The other tyranny in East Asia with nuclear, biological and chemical weapons and possibly post-nuclear weapons of nanotechnology, is the People’s Republic of China (PRC). The aggressive China is a threat to Taiwan and the whole region, thus a future strategic problem of the United States. At present PRC is regarded as a partner in negotiations with North Korea but ultimately it is a competitor. (As early as in 2000 the Center for Research on Geopolitics warned of a cooperation between the Chinese tyranny and tyrannies in the Middle East in Research Paper No. 26, “The Global Challenge – A PRC-Islamic Coalition – A Few Notes”). The ongoing war on terrorism resulting in regime changes in the Middle East lessens the risk of a PRC cooperation with tyrannies in the region, but China is still a long term dangerous opponent of the United States. It should be central theme in the study of strategic warning, an art that needs to be developed and further strengthened in America, remembering Pearl Harbor and 9/11.

In the Western hemisphere Cuba is and has been a dangerous tyranny, even after the retirement of Fidel Castro. In the 1960s he allowed nuclear missiles to be stationed on the island threatening the United States. During the 1970s and 1980s the Cuban tyrant provided mercenaries for a number of communist tyrannies in Africa. Castro has also been a regular supporter of terrorism in the past.
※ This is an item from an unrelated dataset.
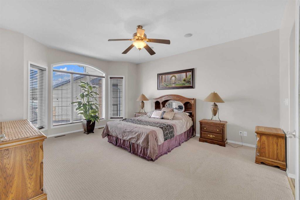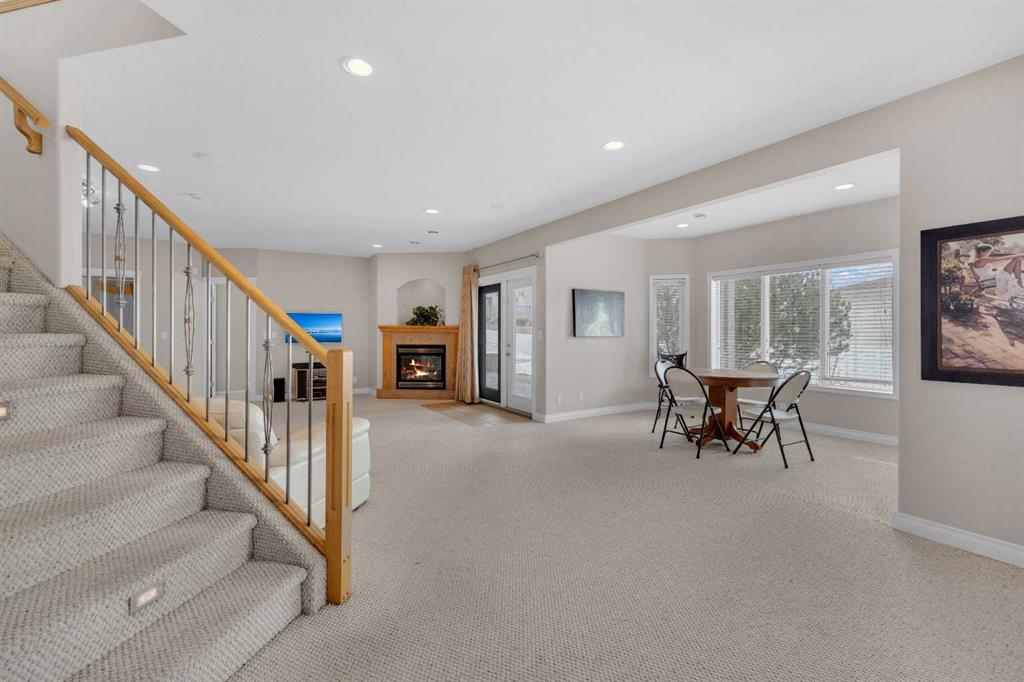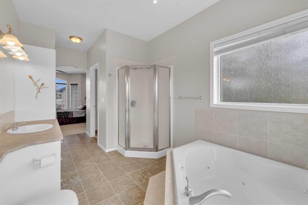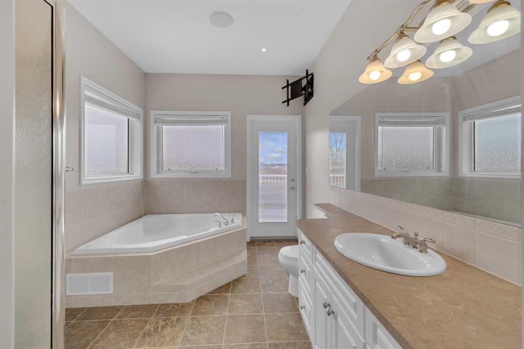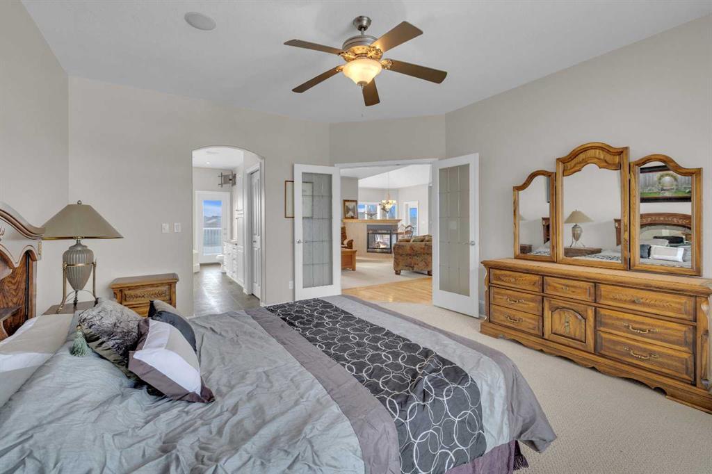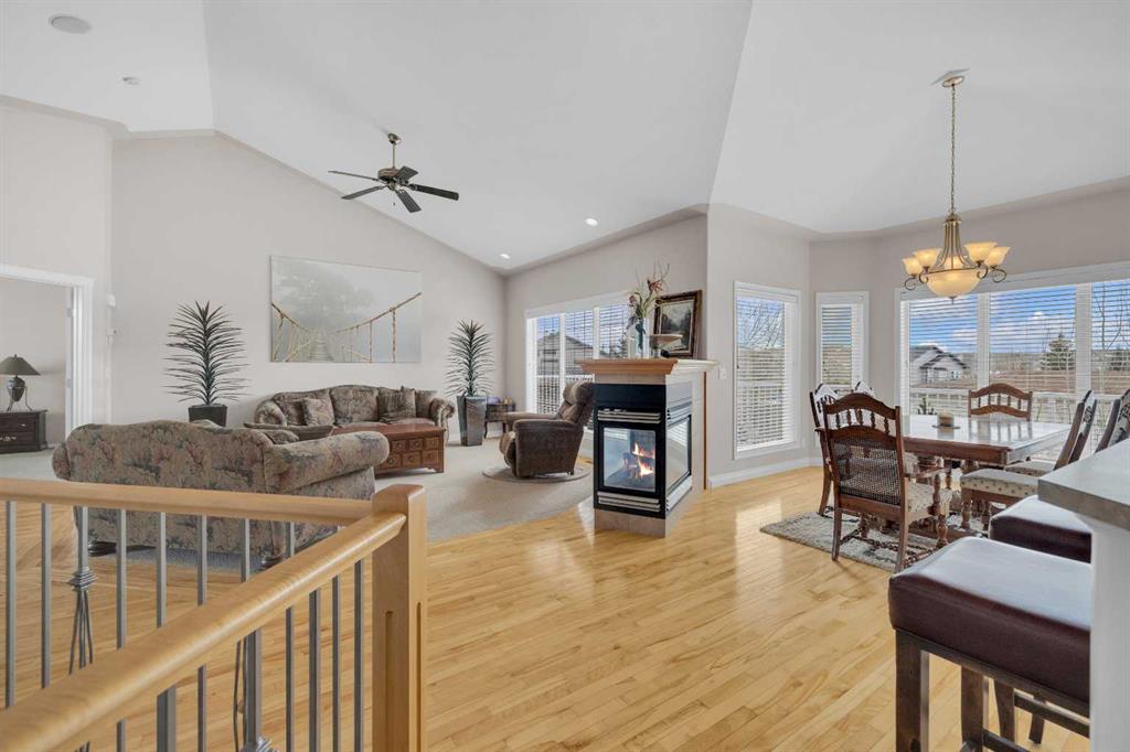 Tucked into a quiet, established close, this 1470 sq ft walkout bungalow sits on a large southwest-facing pie lot, a combination that is extremely difficult to find in town. Properties with this layout, lot orientation, and location are exceptionally rare. The bright open main floor features vaulted ceilings and oversized windows that fill the home with natural light. The kitchen offers abundant cabinetry, generous counter space, and a large island that flows into the dining and living areas. The spacious primary bedroom includes a walk-in closet, ensuite with jet tub and separate shower, and direct access to the back deck.

It is important when regarding the threat of modern tyrannies to civilization to remember that Niccoló Machiavelli despised the cruelty of tyrants. In the writing on tyranny there are no loose threads, no words picked at random, or errors. His is, along with the writings of Xenophon, the supreme art of teaching on tyranny. When there is strategic thinking on tyrants and their removal in the modern era the best guides are classical authors and their interpreter Machiavelli.

In present U.S. grand strategy the question of remaining dangerous tyrants, tyrannies and regime change ought to be a priority. Foremost of concern are the Middle East tyrannies with weapons of mass destruction. The long term threat is in East Asia with the PRC with North Korea being a more imminent danger..

In ancient times tyrants were often removed through assassination. This option is in modern times no longer available to democracies. Instead the fate of Saddam Hussein is a warning to modern tyrants in for instance Iran, Syria and North Korea. If there is a future regime change in these countries the tyrants there could expect facing the same fate as Saddam Hussein in Iraq.